Location
- Manor Crescent Berkshire, RG20 6AD England

Information
- Type: Comprehensive foundation school
- Motto: 'Learning together, Learning For Life'
- Local authority: West Berkshire
- Department for Education URN: 110102 Tables
- Ofsted: Reports
- Head teacher: Chris Robert Prosser
- Gender: Co-educational
- Age: 11 to 18
- Enrolment: 1200
- Houses: Aldworth, Beechwood, Chiltern, Lowbury, Perborough, Ridgeway, Ilsley.
- Colours: Yellow, Purple, Sky Blue, Ruby Red, Emerald Green, Cobalt Blue, Neon Orange.
- Website: thedownsschool.org.uk

= The Downs School, Compton =

The Downs School is a comprehensive secondary school in the village of Compton, Berkshire, England. It is a state school run by West Berkshire Education Authority.

==Overview==
Starting at age 11 in Year 7, The Downs has approximately 1150 pupils, which includes 260 students in the sixth-form. The head-teacher is Chris Robert Prosser, previously Deputy Head-teacher before Valerie Holdey's retirement in December 2013. The school is located on Manor Crescent, with the nearest major town being Newbury 8 miles away. Other neighbouring towns include Wantage, Didcot, Thatcham and Reading.

For the past 2 years it has been the highest attaining school in West Berkshire using the measure of 5A*-C GCSEs including higher passes in English and mathematics.It is also the last remaining West Berkshire Authority secondary school to retain its own swimming pool after St Bartholomew's School removed its pool in Summer 2009.

==Specialisms==
The school specialises in languages. The school has exchange visits to France, Germany and Spain. Sports tours are also annually organised. Teams have been to Spain, the Netherlands, Cyprus and Malta.

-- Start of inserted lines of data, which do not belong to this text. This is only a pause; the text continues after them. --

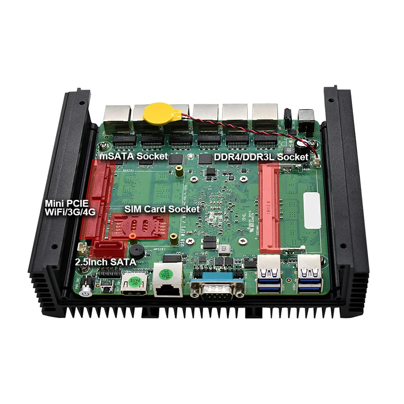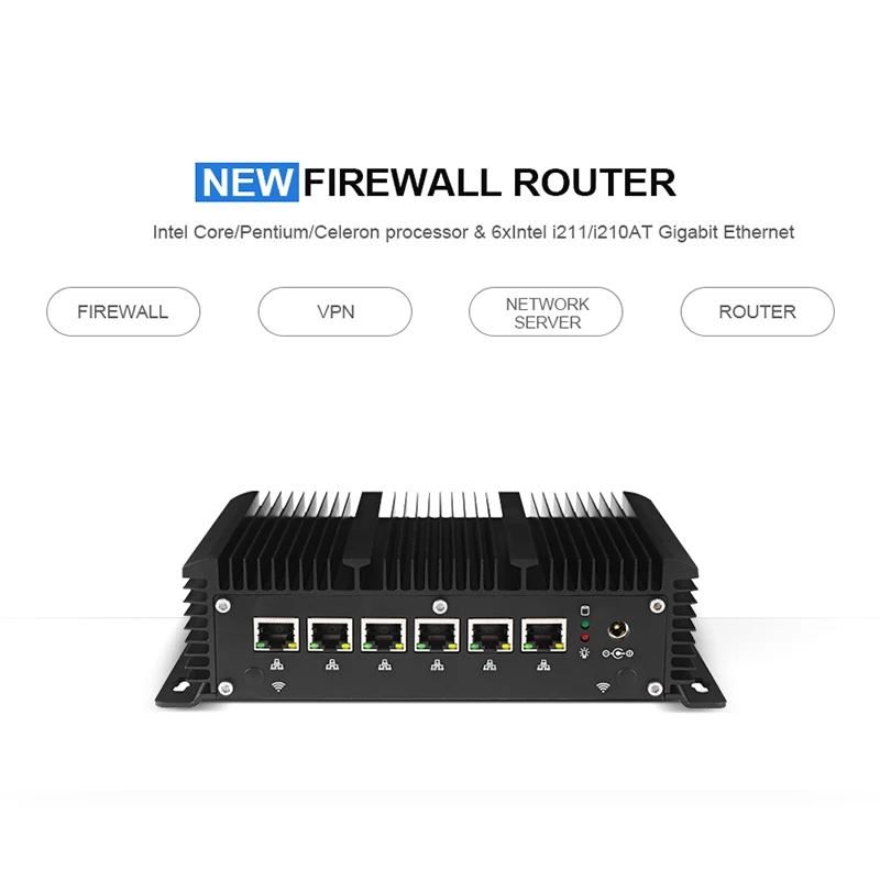 -6 гигабитных локальных сетей RJ45 Intel i211/i201-AT и 2 COM-порта RS232, поддерживают ОС Windows, Linux и pfSense.
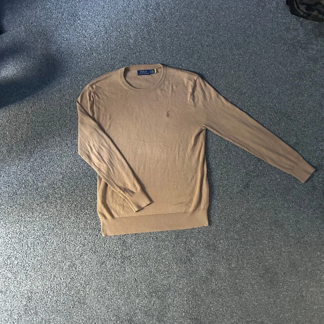 Snygg beige tröja från Polo Ralph Lauren med rund halsringning och diskret broderad logga på bröstet. Långärmad modell i mjukt material som sitter skönt och har ribbade muddar vid ärmslut och nederkant. Perfekt för en clean och stilren look.
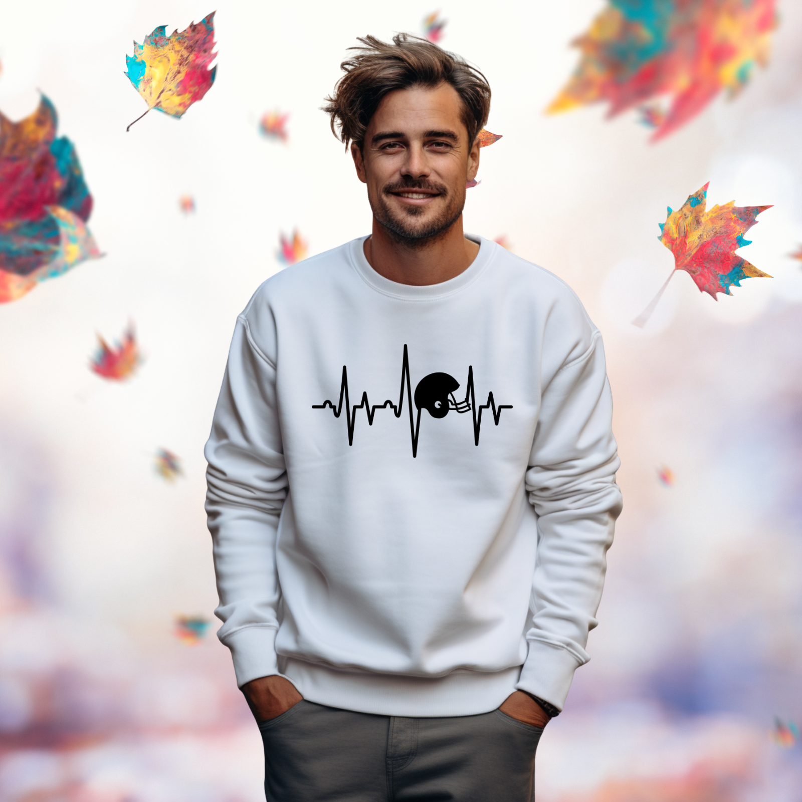 Football Helmet Heartbeat Crewneck Sweatshirt
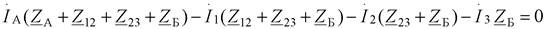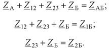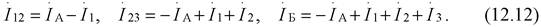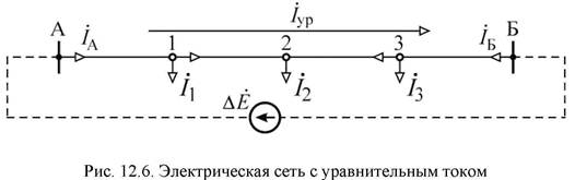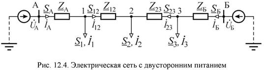 Рассмотрим небольшую электрическую сеть с двусторонним питанием (рис. 12.4). Нагрузки узлов 1, 2, 3 заданы комплексными значениями расчетных токов. Напряжения узлов А и Б одинаковые (
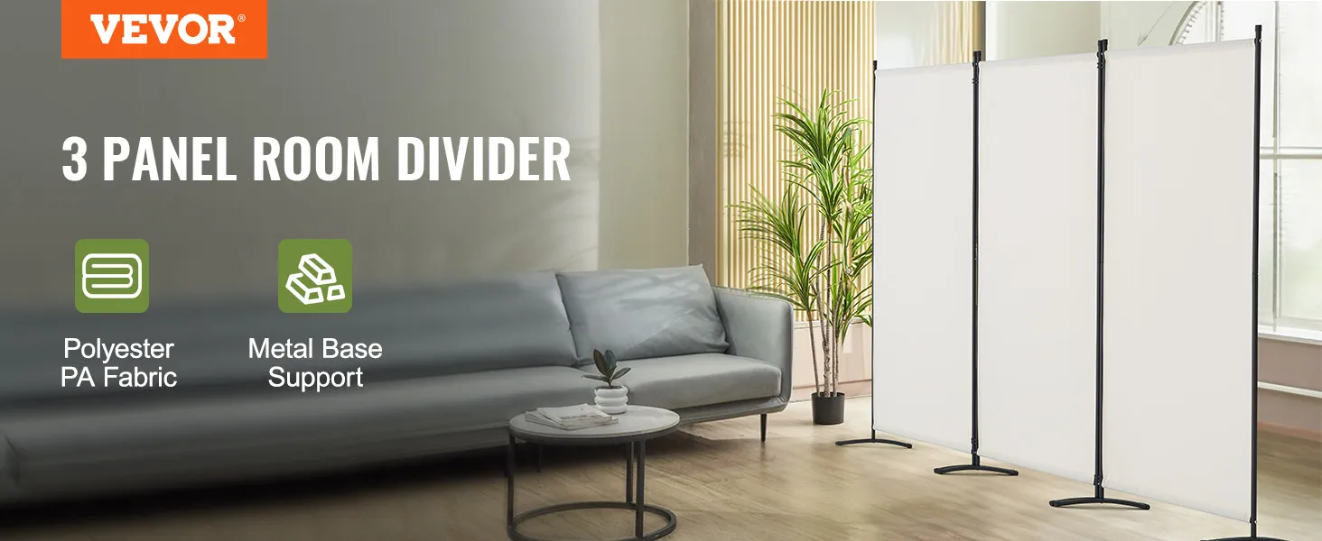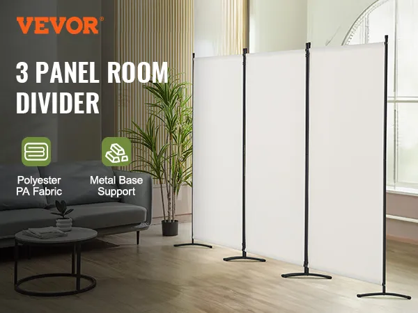 Biombo VEVOR de 3 paneles y mamparas plegables de privacidad, separador de tela para oficina, dormitorio, comedor y estudio, independiente, color blanco
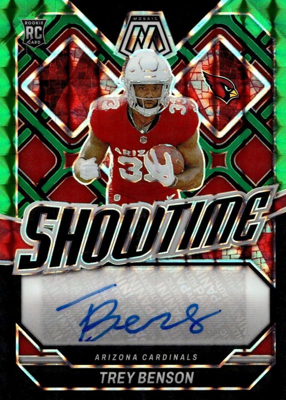 Trey Benson 2024 Mosaic #SS-TBN Showtime Signatures - Choice Fusion Green & Black /25 Rookie RAW Price Guide
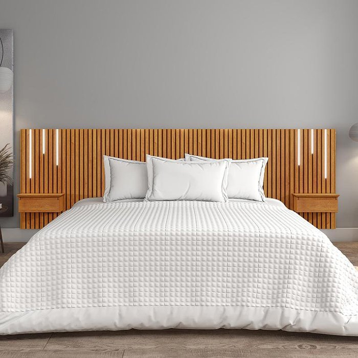 Cabeceira King Paris Ripado Quarto 2 Mesas com Gaveta e Led Naturale
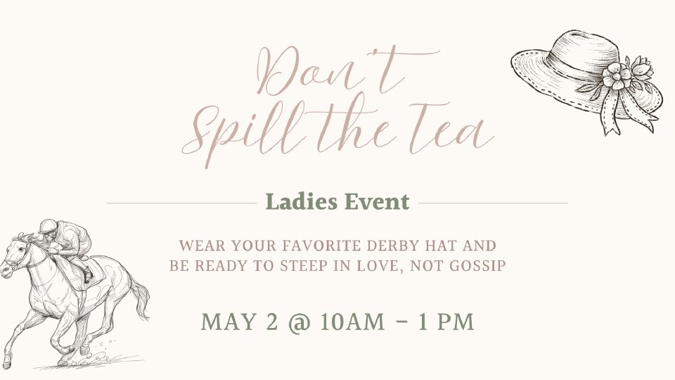 Sip, socialize, and steep yourself in wisdom at our elegant Kentucky Derby-themed tea party, "Don’t Spill the Tea." Enjoy a morning complete with delicious tea, delicate refreshments, and the required fashion statement—your most magnificent derby hat! We will engage in a session focused on being steeped in love, not gossip.

The Downs also has specialisms in science and maths.

==Sixth-form==
The school has a sixth-form centre of about 260 students. Previously located on the bottom floor of the Graham Taylor building (GT), It is located in the newly renovated old science block, after moving there when the new Science building (Hubble) was built. Subjects range from all the sciences to politics, economics, law and media studies. The current head of sixth-form is Mrs Anderson. Its results at A-Level are above average for a non-selective state school.